El precio de la energía se determina en Europa, con leves diferencias entre cada país, mediante subastas mayoristas periódicas que varían en función de la oferta y la demanda y la participación de cada tipo de energía en el pool energético enchufado en cada momento para abastecer las necesidades de cada país. Si, gracias a los temporales de viento, las eólicas se convierten en la principal fuente de energía de un estado, como ocurrió en mayo pasado en España, no es necesario para abastecernos poner en marcha las centrales térmicas de carbón o gas, mucho más caras y contaminantes. El problema son los «precios marginalistas», que  hacen que todos los generadores energéticos cobren lo mismo que la energía más cara de las enchufadas, ganando las más baratas (renovables e hidráulicas) ingentes «beneficios caídos del cielo», un chollazo que habría que modificar o limitar con precios máximos por tipología productiva y relacionados con el coste real de la producción.

Esta explicación nos sirve para entender por qué pagamos precios tan altos a pesar de que cada vez hay más energía renovable —barata— en el pool, pero no las alzas de récords sucesivos que se están produciendo día tras día, sin ningún tipo de final aparente. Es ahí donde muchos sitúan como culpable las fluctuaciones del precio del gas y donde algunos pretenden ver la mano de Putin agitando la cuna. Pero tampoco es así del todo, antes de hablar del precio del gas es preciso citar otro factor importante: el mercado de emisiones de CO2. En efecto, lo que se concibió como una herramienta de descarbonización de la industria y la energía, ha sido penetrado por la economía de casino. Los derechos de emisión que las empresas tienen que comprar para poder verter CO2 posteriormente, se tratan como un mercado de futuros donde el 75% de las transacciones que se producen con ellos tienen fin especulativo y ajeno al mundo de la energía.

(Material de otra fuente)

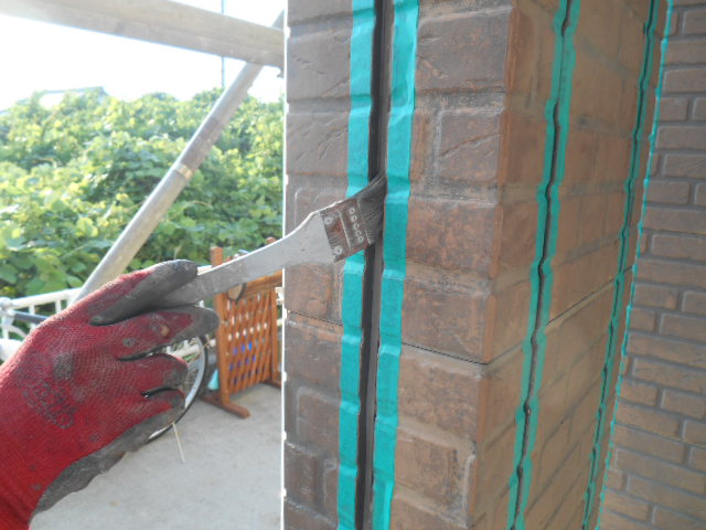 シーリングの撤去が終わりましたら、次にテープを張りシーリング専用プライマーを塗ります!
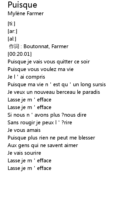 | [00:00.000] | zuo ci : Boutonnat, Farmer |
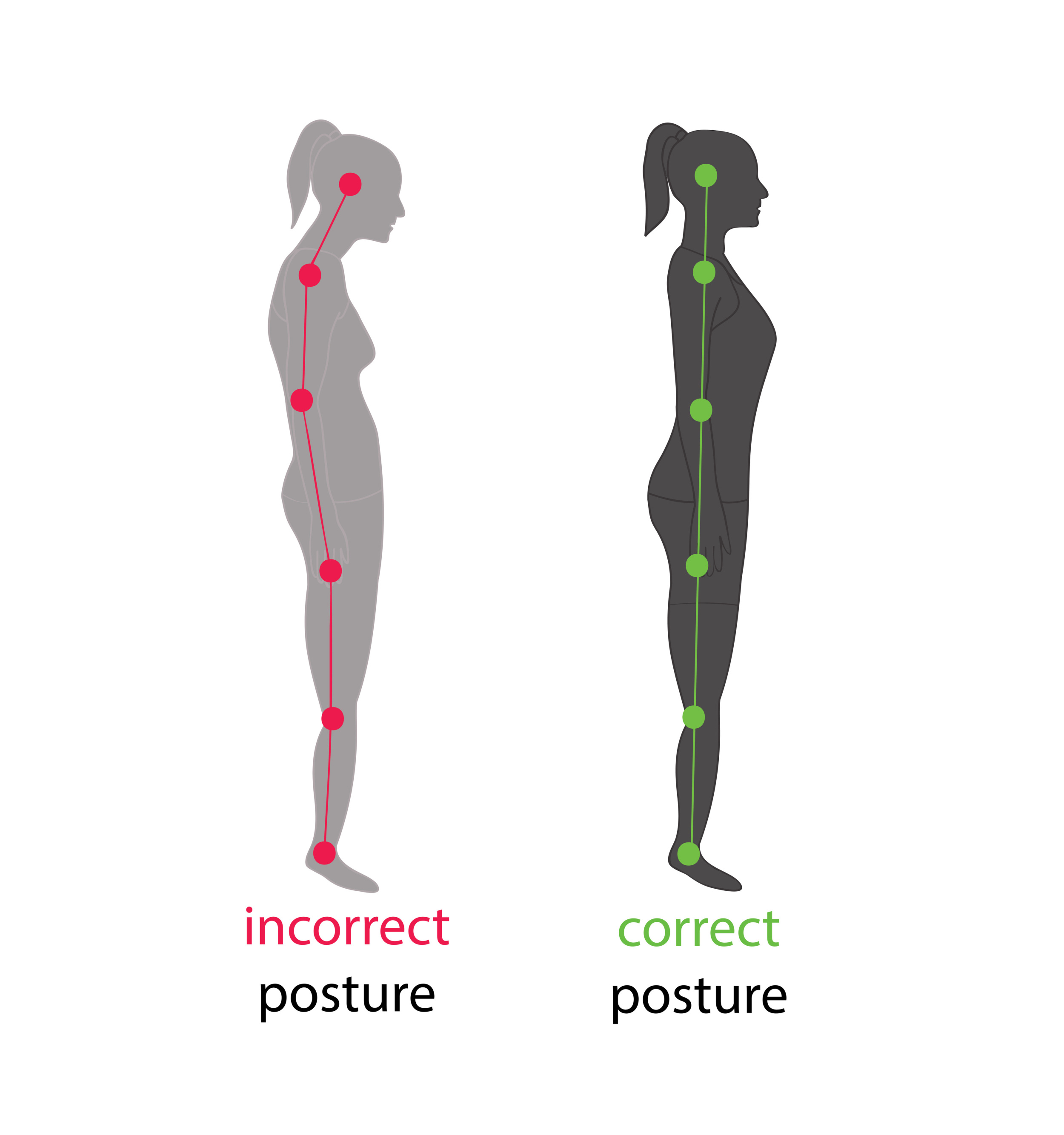 おなかを軽く引き締めて、胸を張って、顎を引いて歩くと良い姿勢になります。
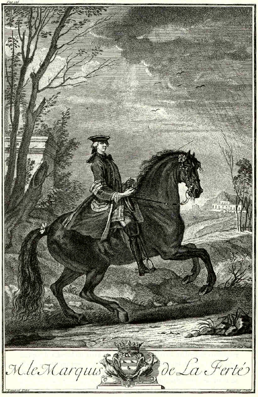 ![]() Der Marquis de la Ferté stammt seinem Wappen entsprechend ebenfalls aus der Familie de Beauvilliers. Unter den Rittern des Ordens von Saint Esprit gibt es einen Francois de Beauvilliers (1608-1687), comte, dann Duc de Saint-Aignan, Pair de France, Vicomte de Valognes, Baron de La Ferté. Er könnte aber auch der Enkel von Henri de la Ferté, duc de Senneterre (1600.1981) sein, der ein draufgängerischer Reiter-Oberst, später Marschal von Frankreich war. Ein Jean Charles de La Ferté, Marquis de Saint Nectaire "de Senectere" ( 1685-1771) wurde 1757 ebenfalls Marschall von Frankreich. Dem Alter nach könnte er das Modell für diesen Reiter abgegeben haben. Andere Quellen vermuten, dass er ein dritter Sohn von Paul de Beauvilliers ist. Auch auf diesen Schüler konnte Guérinière stolz sein. La Galopade ou le galop de manège est une Galop uni, bien ensemble, racoursi du devant & diligente des hanches; c'est-à-dire, qui ne traine pas le derrière, & qui produise par l'égalité des ressors du Cheval, cette belle cadence, qui charme autant les specteurs, qu'elle plait au Cavalier. Die Galopade oder der Schulgalopp ist ein gut versammelter Galop, im Vorwärts begrenzt und mit fleißigen Hanken, d.h.: ohne schleppende Hinterhand, der durch die Gleichförmigkeit der Sprünge eine schönen Rhythmus entstehen lässt, der sowohl den Betrachter bezaubert als er dem Reiter ein gutes Gefühl gibt. Auch dieses Bild zeigt ein perfekt proportioniertes, ausdrucksvolles Pferd in deutlichem Bergauf. Parocell gelingt es wieder beeindruckend, das Einswerden von Mensch und Kreatur dartzustellen. Der tief im Pferd sitzende Reiter greift gerade mit der rechten Hand in den rechten Zügel. Guérinière lässt dieses Abweichen von der einhändigen Zügelführung für kurzzeitige Korrekturen zu. |
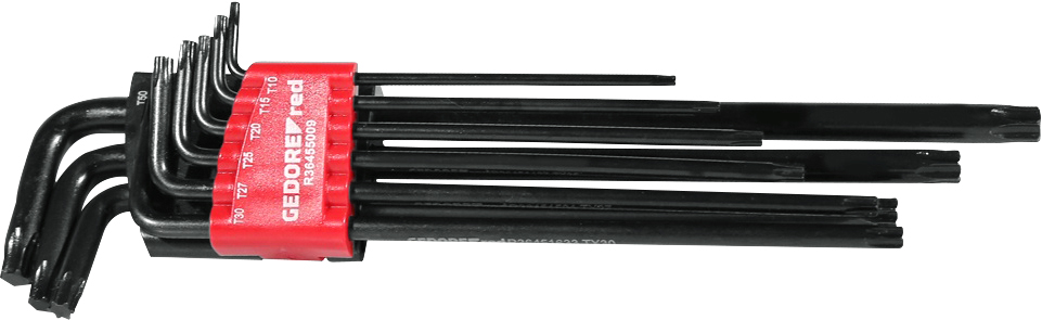 1 Jogo de chaves hexalobular, composto por 1 suporte em plástico com 9 peças, sendo: T10, T15, T20, T25, T27, T30, T40, T45 e T50.
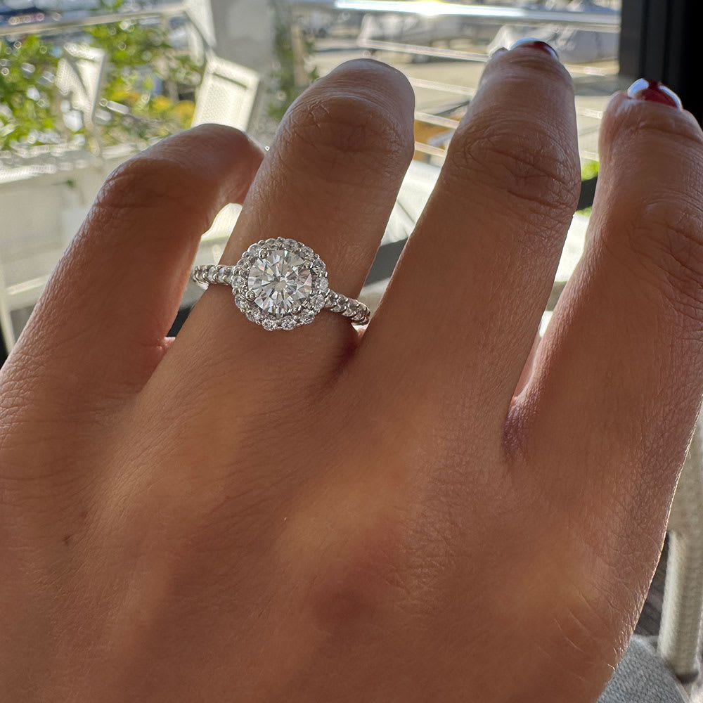 This women's engagement ring features a glittering round brilliant diamond as it's focal point. Surrounding the central diamond is a graceful halo of smaller diamonds, delicately set to enhance the brilliance of the main stone even further. The shanks are adorned with round stones, adding an extra layer of radiance and luxury. All Temple and Grace jewellery is beautifully crafted to the highest standards and is made at our jewellery workshop directly by us (skilled jewellery craftsmen). This is why you can save over 40% when compared to high-street retail prices. We also offer a lifetime warranty and unmatched 100 day returns. You can shop online or book an appointment to visit our jewellery boutiques in Sydney, Melbourne, Brisbane, Perth and Adelaide.

Entremos, ahora sí, a hablar del gas y de política. La historia no es de ahora y hay que enmarcarla en la guerra soterrada que Estados Unidos mantiene contra Rusia en decenas de frentes. Uno de ellos es la vieja pretensión norteamericana de convertirse en el principal suministrador de gas a Europa, aunque los ciudadanos tengamos que pagar precios mucho más altos por ello, al tener que ser abastecidos por barcos de gas licuado y no por gasoductos.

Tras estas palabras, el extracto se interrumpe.